Schema matching can be used for determining global schema \( {\mathcal{G}} \) based on \( {\mathcal{S}} \). The core element of schema matching is operator \( match_{SM} \). The definition of \( {\mathcal{M}}_{SM} \) which is the mapping between two schemas is needed before introducing \( match_{SM} \).

Definition 2.

The mapping \( {\mathcal{M}}_{SM} \) is the set of mapping elements between schema \( S_{1} \) and \( S_{2} \) . The mapping elements represent that certain elements of \( S_{1} \) have been mapped into certain elements of \( S_{2} \).

Definition 3.

The operator \( match_{SM} \) is a function \( f:{\mathcal{S}} \times {\mathcal{S}} \to {\mathcal{M}}_{SM} \) which creates the mapping \( {\mathcal{M}}_{SM} \) from the given two schemas. The resulted overcome is called as match result [8].

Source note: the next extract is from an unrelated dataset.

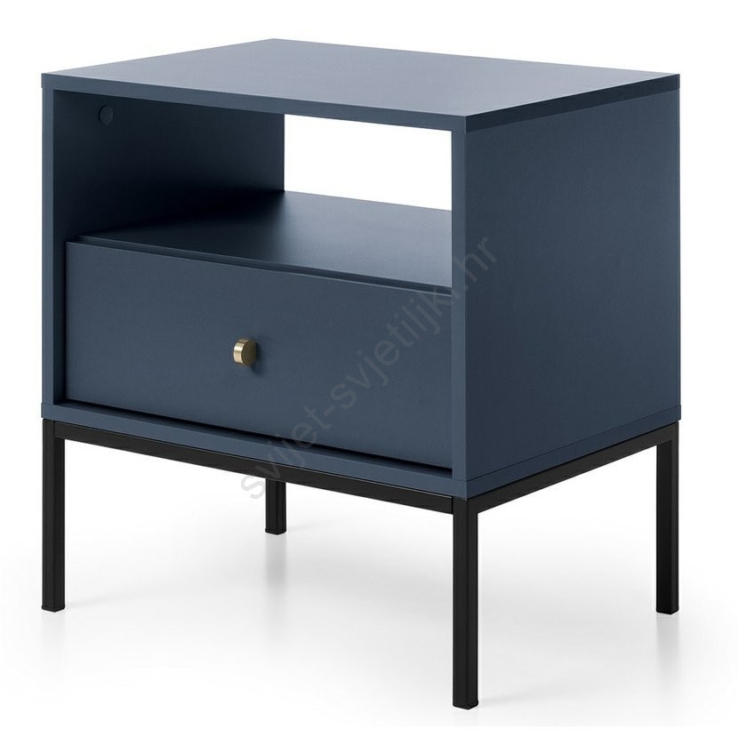 • Noćni ormarić u tamnoplavoj izvedbi.

The identification of duplicated elements is crucial during the data integration process and entity resolution can be used for this purpose. Function \( match_{ER} \) (which is different from the above-mentioned \( match_{SM} ) \) can be used in order to identify the same elements (in our case, the POIs which represent the same real-world entity).

Definition 4.

Let \( E \) be the set of entities. Then, \( match_{ER} \) is a Boolean function \( f:E \times E \to \{ true,false\} \) which determines whether two entities are matching (i.e. represent the same real-world entity) or not (denoted by \( e_{1} \approx e_{2} \) , if \( match\left( {e_{1} ,e_{2} } \right) = true \) , where \( e_{1} ,e_{2} \in E) \).

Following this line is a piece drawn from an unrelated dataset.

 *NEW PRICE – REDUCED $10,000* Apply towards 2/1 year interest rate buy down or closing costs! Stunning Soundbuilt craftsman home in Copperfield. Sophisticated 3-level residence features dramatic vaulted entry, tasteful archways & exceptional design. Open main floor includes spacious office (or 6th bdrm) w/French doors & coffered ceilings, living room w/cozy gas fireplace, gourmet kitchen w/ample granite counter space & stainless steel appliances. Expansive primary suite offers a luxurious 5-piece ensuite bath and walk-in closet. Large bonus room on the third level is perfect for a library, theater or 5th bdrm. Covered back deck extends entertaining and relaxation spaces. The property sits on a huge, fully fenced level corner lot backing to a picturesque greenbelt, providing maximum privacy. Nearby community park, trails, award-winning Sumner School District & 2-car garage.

A partial order on the entities can be defined using the entity-related useful information. If entity \( e_{2} \) holds more information than \( e_{1} \), then \( e_{2} \) dominates \( e_{1} \) (denoted by \( {\text{e}}_{1} { \preccurlyeq }{\text{e}}_{2} ) \).

Definition 5.

The function \( \mu :E \times E \to E \) (called as merge) merges two matching \( e_{1} \approx e_{2} \) entities into one entity. During the merging method, the function keeps only the dominant entity \( e_{2} \) , and extends it with the missing attributes deriving from \( e_{1} \).

Definition 6.

An instance \( I = \left\{ {e_{1} , \cdots ,e_{n} } \right\} \) is a finite set of entities from \( E \).

The merge closure finds all matching entities within instance \( I \) and merges them using the match and merge functions.

Definition 7.

Let \( I \) be an instance, then merge closure of \( I \) (denoted by \( \bar{I}) \) the smallest set of \( S \) such that \( I \subseteq S \) . In addition, \( \forall e_{1} ,e_{2} \in S \) , if \( e_{1} \approx e_{2} \) , then \( merge(e_{1} \approx e_{2} ) \in S \).

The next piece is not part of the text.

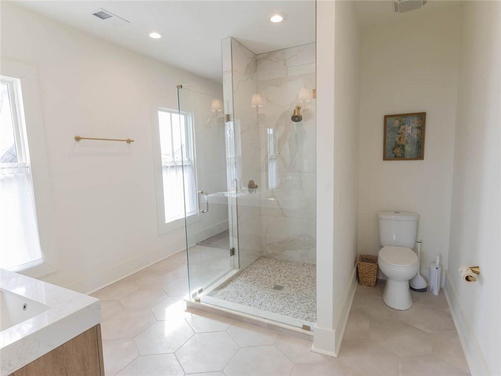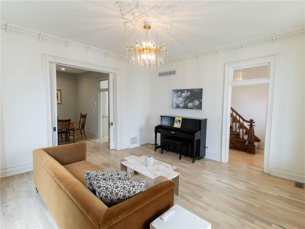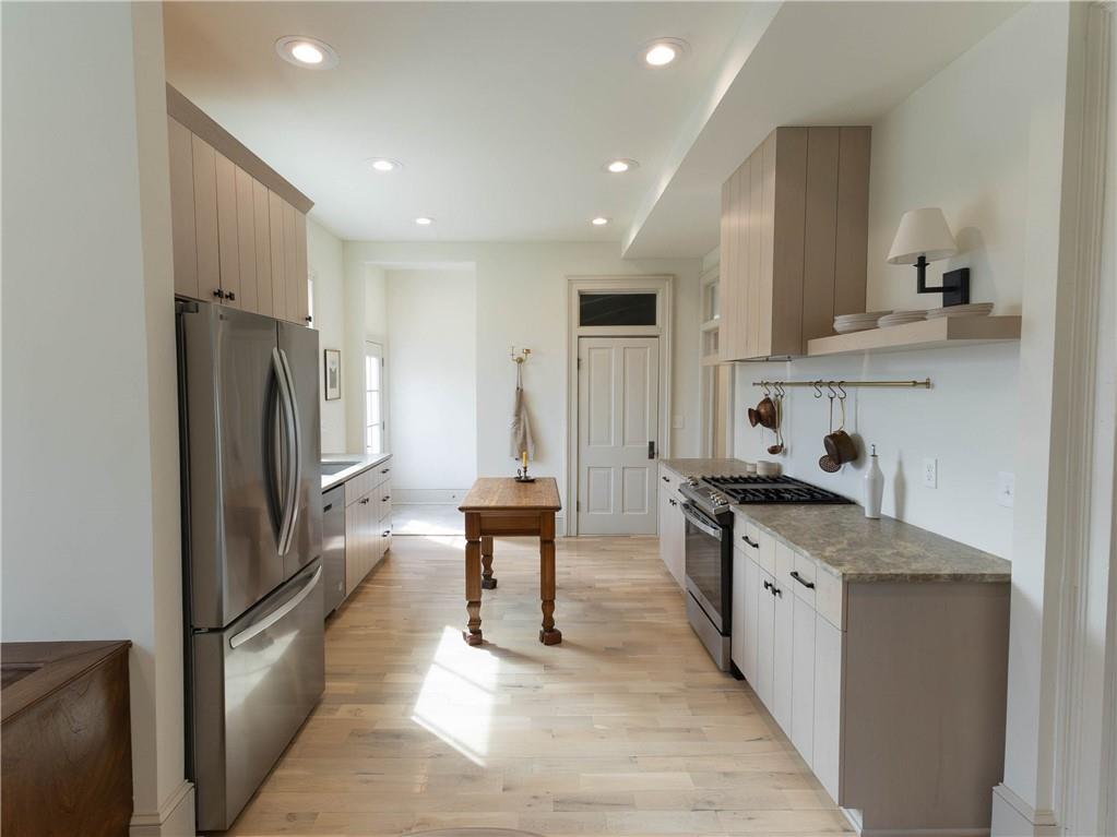 Historic Italianate three bedroom home on 1/4 acre in the vibrant neighborhood of Strawberry Hill. Featuring picturesque city views from the deck and primary bedroom, this home is full of charm and character - a perfect blend of modern and historic. The beautifully milled wooden stairwell welcomes you to the first floor, featuring original trim and new hardwood flooring. The living room, highlighted with original plaster crown molding, shares pocket doors with the dining room, complete with lovely bay windows. Upon entering the open kitchen you'll discover an enormous window with views into the garden, updated appliances, marble countertops, and custom cabinetry. Sharing space with the kitchen is a sitting room, featuring built-in wooden banquette seating, a gas fireplace, and yet another massive picture window. It is perfect for hosting guests while you cook with vegetables picked fresh from the garden, all flourishing under the canopy of an old catalpa tree. Journeying back into the home, passing the conveniently located 1/2 bath, there is a breakfast room with built-in cabinetry to match the kitchen. Upstairs, wooden floors transition to comfortable carpet. A small front room, perfect for a home office, is adjacent to a large bedroom. A full bath, located off of the hallway at the top of the stairs, consists of a vanity with the same custom cabinetry and marble countertops as the kitchen. Curved plaster walls make way to a second bedroom, with more pocket doors leading into the huge primary bedroom. Don’t miss the city views from the picture window above the bed - they are unbeatable. Adjacent to the primary bedroom is a vast master bathroom, with double sinks, a large shower, and beautiful tile, complete with a walk-in closet and laundry hook-ups. With updates abound, yet historical character intact, this home is truly a gem.

The domination of entities can naturally be extended to the instances as well.

Definition 8.

Let \( I_{1} ,I_{2} \) be two instances. Then, \( I_{1} \) is dominated by \( I_{2} \) (denoted by \( I_{1} { \preccurlyeq }I_{2} \) ), if \( \forall e_{1} \in I_{1} ,\exists e_{2} \in I_{2} \) , such that \( e_{1} { \preccurlyeq }e_{2} \).

The definition of entity resolution can be defined using the above auxiliary formulas.

Definition 9.

Let \( I \) be an instance, \( \bar{I} \) be the merge closure of \( I \) . An entity resolution of \( I \) is the \( I^{'} \) set of entities such that \( I' \subseteq \bar{I} \) and \( \bar{I}{ \preccurlyeq }I' \) . In addition, there is not any proper subset of \( I' \) which satisfies the first two conditions [9].

In conclusion, component \( Data \) is a \( {\mathcal{G}},{\mathcal{S}},{\mathcal{M}} \) data integration system which creates global schema \( {\mathcal{G}} \) from source schemas \( {\mathcal{S}} \) using operator \( match_{SM} \). Furthermore, the execution of entity resolution during the data integration phase is also the responsibility of component \( Data \).

Browser Component. The second component of CAESAR model is the browser component, which is responsible for the displaying of the data provided by the before mentioned data component. The visualization uses Augmented Reality, which can be formally defined in the following way.

Definition 10.

A quintet \( {\mathcal{M}},{\mathcal{V}\mathcal{E}},{\mathcal{T}},\varphi ,\xi \) is called as Augmented Reality system, where \( {\mathcal{M}} \) is the set of the markers, \( {\mathcal{V}\mathcal{E}} \) is the set of the virtual elements, \( {\mathcal{T}} \) is the set of transformations, \( \varphi \) is the mapping function, and \( \xi \) is the transformation function.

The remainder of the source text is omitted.